Если Вы попробуете купить нормальный четырёхголосный цельнопланочный инструмент (Юпитер, Мир, Акко), и сунетесь на фабрики, цену озвучат вокруг 400 тыс. У Гусарова дешевле, но это вообще не Юпитер. 
Ситуация.
Организация объявляет тендер на закупку баяна, у неё есть всего 300 тыс. Тут же все московско-тульские перекупы начинают звонить и предлагать: а Вам какой--чёрный или белый, Мир или Юпитер, мы Вам ещё дешевле продадаим? А почему же нельзя просто продавать такие инструменты для студентов, а в организацию по тендеру вдуть можно? Да потому что если инструмент соответствует характеристикам (будь это тот же Zonta-Музпром), отменить результаты тендера очень сложно. А то что он не играет ни фига--никакого чиновника волновать не будет. 
В прошлом году одна организация объявила тендер на Юпитер, сумма была около 300, выиграла одно московская компания (не будем делать антирекламу) за 230, если не ошибаюсь.
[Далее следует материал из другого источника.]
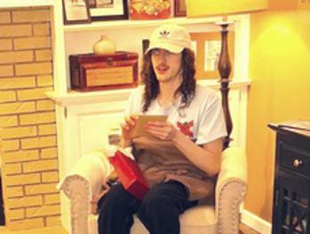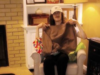 :Laura & friend in costume at the hair salon.

После торгов звонят туда спрашивают, новый? Новый! Хороший? ООчень!! По срокам они поставку затянули, не уложились--это ладно. Пришёл баян. Восстановленный. Не звучит (хотя бы потому,что когда ставили новые деки--не удосужились посмотреть, что в ломаной резонаторные отверстия с декой не совпадают). Нормальной работы механик хватит максимум на пол-года-год (механики новые--стоят коряво). Даже мех, ладно поскупились новый сделать, но хоть одинаковым дермантином могли обклеить, а не только то, что протёрлось?
Короче, хорошо организация не постеснялась пободаться с поставщиком, мы составили акт, результаты тендера отменили.
Но, ситуации возникают постоянно--вдувают что ни попадя. 
Почему же у нас в регионе за последний довольно короткий период, люди продали-купили несколько б/у Юпитеров по цене 250тыс (правда аккорды неплохие). Причём даже требующих ремонта. Где же все эти купцы с новыми Юпитерами за 300 тыс? Зачем бы тогда люди мучились и покупали старьё за 250, если они могли бы купить такой хороший баян за такую небольшую сумму? Вот вопрос.


----------